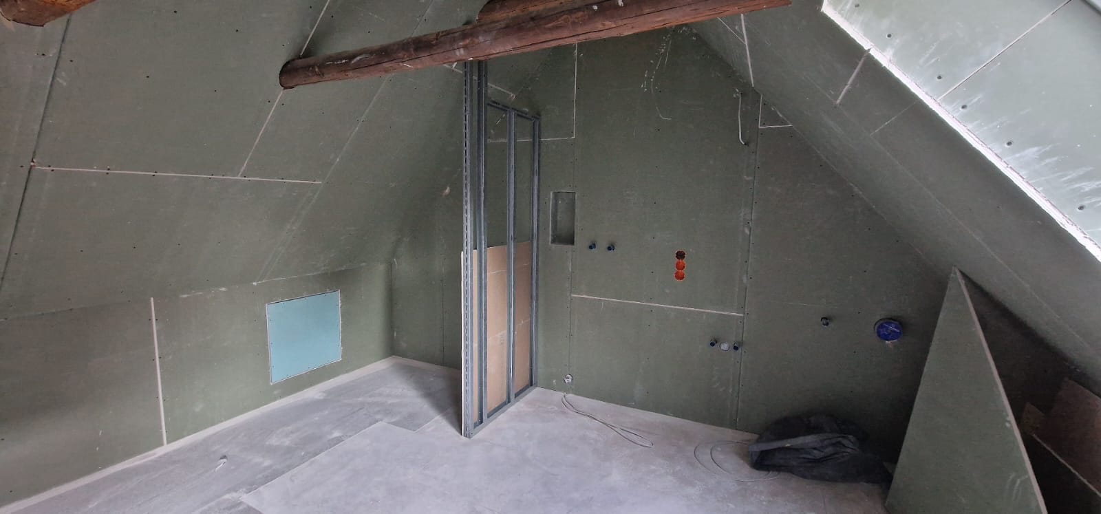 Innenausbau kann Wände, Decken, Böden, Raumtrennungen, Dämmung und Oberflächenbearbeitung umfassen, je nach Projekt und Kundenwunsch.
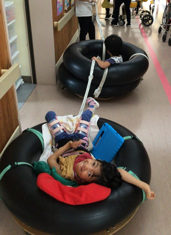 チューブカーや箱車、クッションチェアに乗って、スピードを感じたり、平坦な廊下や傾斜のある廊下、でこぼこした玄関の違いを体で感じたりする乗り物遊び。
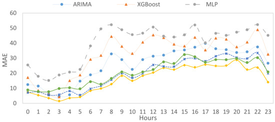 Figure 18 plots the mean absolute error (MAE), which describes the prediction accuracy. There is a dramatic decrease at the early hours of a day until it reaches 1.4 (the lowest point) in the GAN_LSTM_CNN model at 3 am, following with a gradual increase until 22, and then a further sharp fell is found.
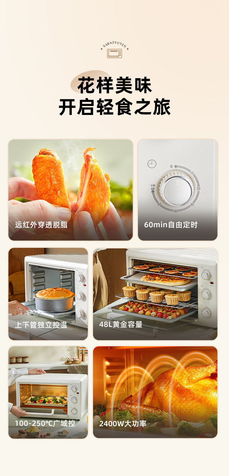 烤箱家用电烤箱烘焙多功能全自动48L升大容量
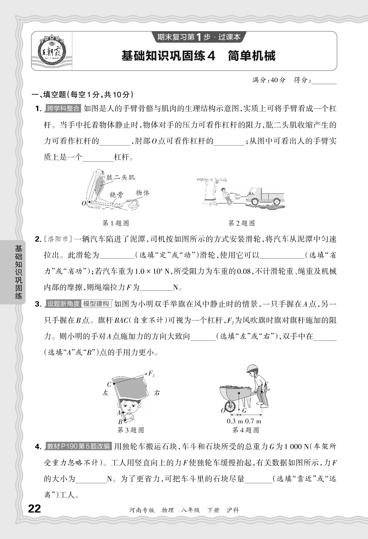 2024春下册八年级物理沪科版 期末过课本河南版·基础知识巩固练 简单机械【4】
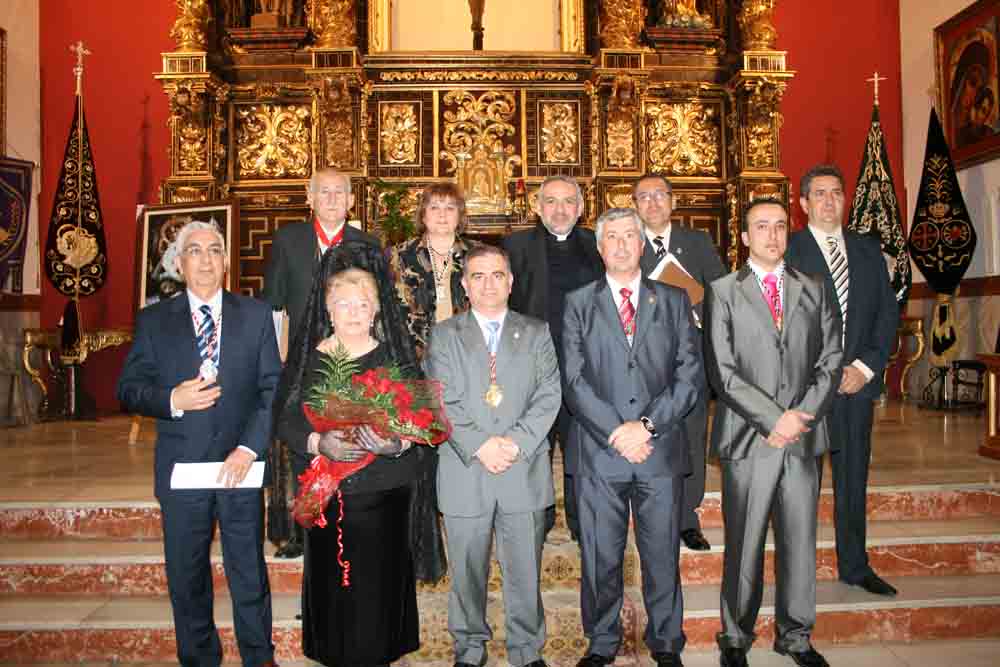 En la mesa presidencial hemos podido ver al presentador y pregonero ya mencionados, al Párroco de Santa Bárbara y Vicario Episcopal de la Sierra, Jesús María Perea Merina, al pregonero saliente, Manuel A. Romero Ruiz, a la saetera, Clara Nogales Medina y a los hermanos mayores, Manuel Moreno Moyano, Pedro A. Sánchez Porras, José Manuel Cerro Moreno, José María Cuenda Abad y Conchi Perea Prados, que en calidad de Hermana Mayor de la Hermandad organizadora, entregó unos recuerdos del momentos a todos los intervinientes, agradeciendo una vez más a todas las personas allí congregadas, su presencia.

→ Task details: Using the entries above, transcribe exactly from the line that has "烤箱家用电烤箱烘焙多功能全自动48L升大容量" through the line that has "2024春下册八年级物理沪科版 期末过课本河南版·基础知识巩固练 简单机械【4】". Pictures are dropped.

→ Your response:
 烤箱家用电烤箱烘焙多功能全自动48L升大容量
 2024春下册八年级物理沪科版 期末过课本河南版·基础知识巩固练 简单机械【4】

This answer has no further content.